These results are not consistent with a straightforward model in which modulation frequency in the range of 10–60 Hz is signaled by the spike rate of cortical neurons. A sizeable majority of units has best modulation frequencies ∼10 Hz. That indicates that modulation tuning of spike rates is not a likely candidate for representation of modulation frequencies in the range of 20–60 Hz. The tonic spike rates of single neurons can vary with modulation frequency, such that a change in spike rate might signal a change in modulation frequency, but spike rates and the frequency dependence of spike rates are confounded by changes in modulation depth. The spike rates of the single unit plotted in Fig. 5, for instance, varied by a factor of ∼2 between modulation depths of −25 and −15 dB, whereas vector strength was essentially constant over that range. Similar characteristics are seen in the distribution of spike rates across the entire sample of units (Fig. 12). One must leave open the possibility that different conclusions might be reached in a future study in unanesthetized animals. Nevertheless, these results show that the sensitivity of cortical neurons to modulation frequency is so confounded by modulation-depth sensitivity that the modulation-frequency information carried by spike rates is essentially uninformative.

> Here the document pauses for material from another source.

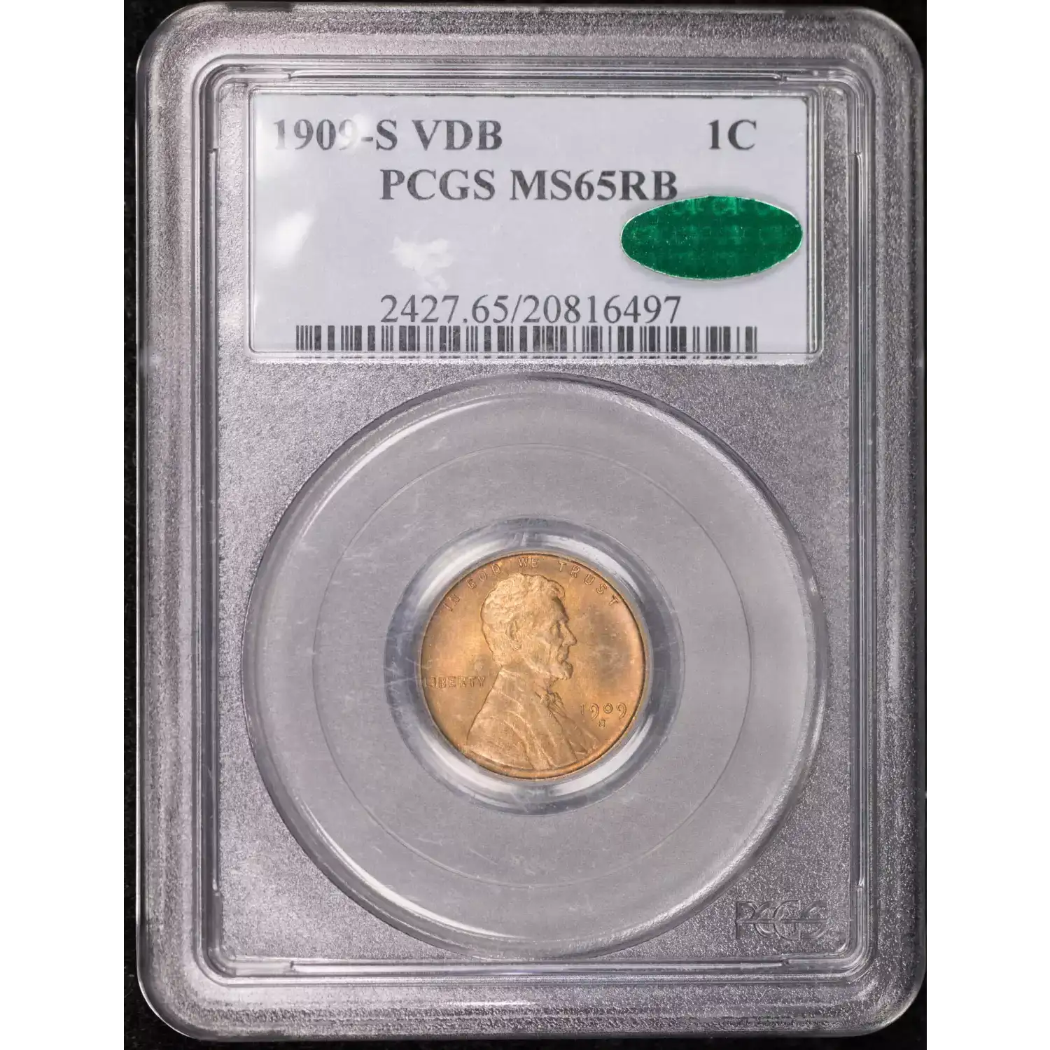 1909-S VDB Small Cents Lincoln, Wheat Ears Reverse PCGS MS-65 RB CAC CAC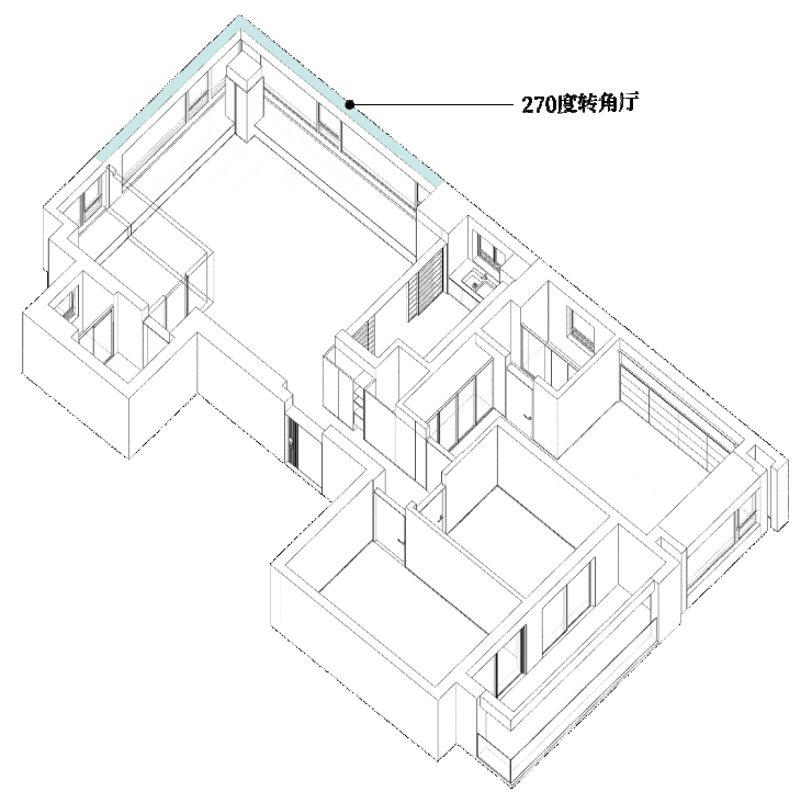因而,设计师不但规划了2个宽阔开放的阳台,还在餐厅尤其打造了270°角厅,用巨大的全屏清除里外界限。

Cochlear implant users report increases in perceived pitch corresponding to increases in the rate of unmodulated pulse trains to rates as high as 300 pps (Geurts and Wouters 2001; Kong et al. 2004; McKay et al. 1994; Xu et al. 2002; Zeng 2002). Based on the present results, it seems highly unlikely that discriminations of such high pulse rates rely on phase-locked activity in the auditory cortex. No data are available for electrical stimulation in unanesthetized primates, but the acoustic click data in unanesthetized marmosets (Liang et al. 2002) indicate that only ∼20% of cortical neurons phase lock to 128-cps click trains and only a handful phase lock to 256 cps. Evidence for an alternative, non–phase-locked, representation of pulse rate comes from the work of Lu et al. (2001) in the auditory cortex of unanesthetized marmosets. Those investigators described a class of “nonsynchronized” units that showed spike rates that increased with increases in acoustic click rates beginning at rates of 50 cps/s or higher. If such a rate code exists for electric hearing, it could conceivably account for rate-pitch perception in cochlear implant users. In this study, ∼30% of units showed tonic non–phase-locked responses that generally increased in spike rate with increases in pulse rates above ∼50 pps, but that effect was not robust and showed considerable trial-by-trial variation (data not shown). One presumes that the low tonic rates observed in this study were at least partially caused by the use of anesthetic. Future studies in unanesthetized animals are needed to test whether nonsynchronized tonic spike rates could signal rate pitch in electric hearing.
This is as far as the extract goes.